Platyptilia albicans

Scientific classification
- Kingdom: Animalia
- Phylum: Arthropoda
- Clade: Pancrustacea
- Class: Insecta
- Order: Lepidoptera
- Family: Pterophoridae
- Genus: Platyptilia
- Species: P. albicans
- Binomial name: Platyptilia albicans Fish, 1881

= Platyptilia albicans =

- Authority: Fish, 1881

Species of plume moth

Platyptilia albicans is a moth of the family Pterophoridae. It is found in North America (including California, Oregon, Nevada, Wyoming, British Columbia and Alberta).

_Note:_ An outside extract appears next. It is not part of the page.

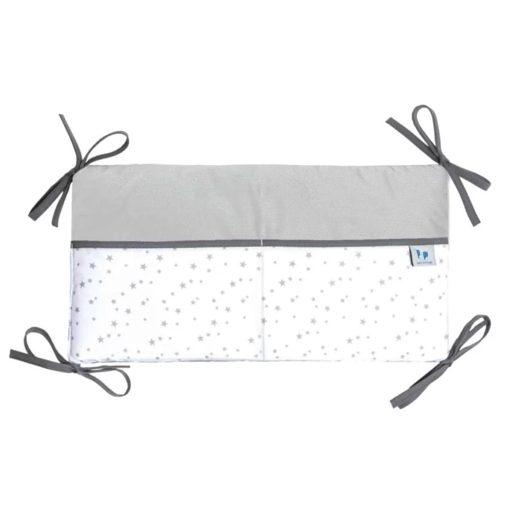 Náš organizér je vybaven pěti kapsami, které jsou navíc zesíleny ozdobnou lemovkou. Má také dostatečně dlouhé šňůrky, které umožňují stabilní připevnění k postýlce. Výplň tvoří měkké, antialergické vlákno a je vyroben z nejkvalitnější bavlny.

The wingspan is 17–24 mm. The head and thorax are cream coloured. The antennae are cinnamon brown, dotted above with white. The abdomen is ochreous, but lighter at the base and the legs are whitish. The forewings are creamy white along the hind margin, on the costa cinnamon brown. There is a cinnamon brown costal triangular spot, bordered outwardly above the fissure by a broad white line. Below the fissure its apex is continuous with the brownish colour of the second lobe. Both lobes are cinnamon brown, with a transverse white line not reaching the hind margin of the second lobe. The fringes are cream coloured, sprinkled with cinnamon brown. The hindwings are cinnamon brown, with concolorous fringes.